There, resting in his left palm, lay a sphere of pine. He tilted his hand, felt tiny splinters of grain tickle his skin as he rolled it back and forth.
Rokha sniffed. “What game are you playing at? If you can carve that well, why go to the trouble of asking me how to make a new staff ?”
Errol shook his head. “I don’t know how I did this. I’ve never really carved before.”
He left Rokha and edged around the wagon of skins to a deserted spot. When the campfire came into view, he stopped and held the sphere so that the light bathed one side. Slowly, he rotated his carving and searched the grain. His hand trembled and he held his breath.
There.
Yes glimmered in the flickers of firelight. What did that mean? Errol continued his search for another moment, but nothing more appeared. He returned to his place of watch.
Rokha was gone.
Luis had said his thoughts would create the lot. The question framed the answer. He cast back, trying to recall what he’d been thinking as he carved. Attack. That was it. He’d been thinking Eck would attack the caravan.
Errol dug the other cube of pine from his pocket. He needed the other side of the question, needed to somehow carve a lot that said No. Air filled his lungs as he breathed deeply. What had he been thinking about before?
He let his eyes relax to a near close and moved the knife along the grain. No, he repeated to himself, Eck will not attack the caravan.
The awareness of time slipped from him.
A distant rustle of sound brought him back to himself, and he looked down. There in his hand lay a wooden sphere, twin to the one that rested in his pocket. He walked back to the fire without a sound, unsure of what instinct drove him to secrecy. When he held the lot
up to the light, No flickered with the dance of the flames.
Could it really be that easy?
He retreated back to the shadow of the carts but still within sight of the fire. Luis had used a simple canvas bag to choose lots, but Errol had never heard him attach any importance to how they were chosen. The only requirement seemed to be a choice made at random. An oversized pocket had been stitched to the inside of his cloak. He emptied it of the food he’d gotten from Grub and placed the two pine lots inside.
The balls rattled softly as he shook the cloth. He reached inside, his fingers tingling.
He held the ball to the light of the fire.
Yes.
Air whispered as he exhaled. He replaced the lot, shook his cloak, and drew again.
Yes.
Again.
Yes.
On the fifth draw the lot said No. But then he drew Yes twice more before drawing No.
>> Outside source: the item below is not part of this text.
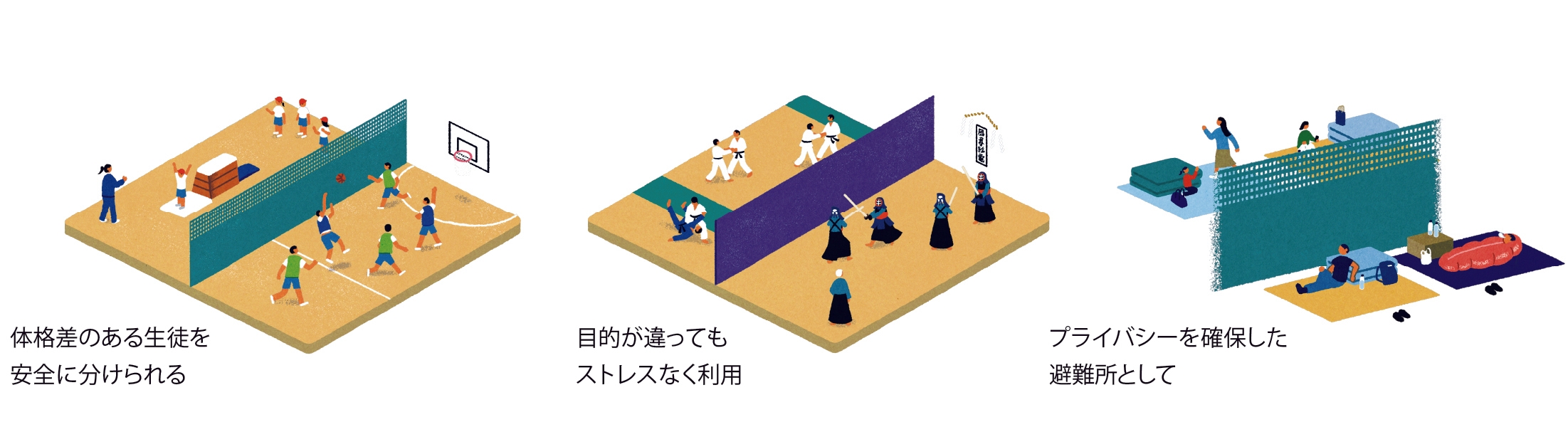 日本国内の体育館施設のうち、約75%は学校の体育館です。スポーツ庁では現在、全国に30,000余りあると言われる学校の体育館を、地域の人々にもっと活用してもらうための施策(※)を検討しています。さまざまな人が利用するようになると考えられるのが、一つの体育館を分割して複数の活動を同時に行いたいというニーズの増加。そのような時、子どもからお年寄りまで、あらゆる人が安全にスポーツやサークル活動を行える空間づくりに役立つのがSIKIRUTOです。

And then Yes three more times.
Would that be enough to satisfy Ru? Luis had only begun to teach him how to read. During those lessons on the way to Windridge, the reader had hinted at the study of chance, but Errol didn’t have the slightest idea what that entailed.
Rokha would know.
Errol held the lots so tightly his fingers ached as he went in search of her. The sixth stood next to Ru. The caravan master leaned toward her, the smile in his expression a mixture of affection and pride. Errol stood three paces away and waited for one of them to notice him. At last Ru’s gaze broke from his contemplation of the Merakhi. His smile slipped away to be replaced by annoyance.
“What do you want, boy?”
Errol cleared his throat and stepped closer, bowing from the neck. “I’m sorry to interrupt you, caravan master, but I need to report to the sixth.”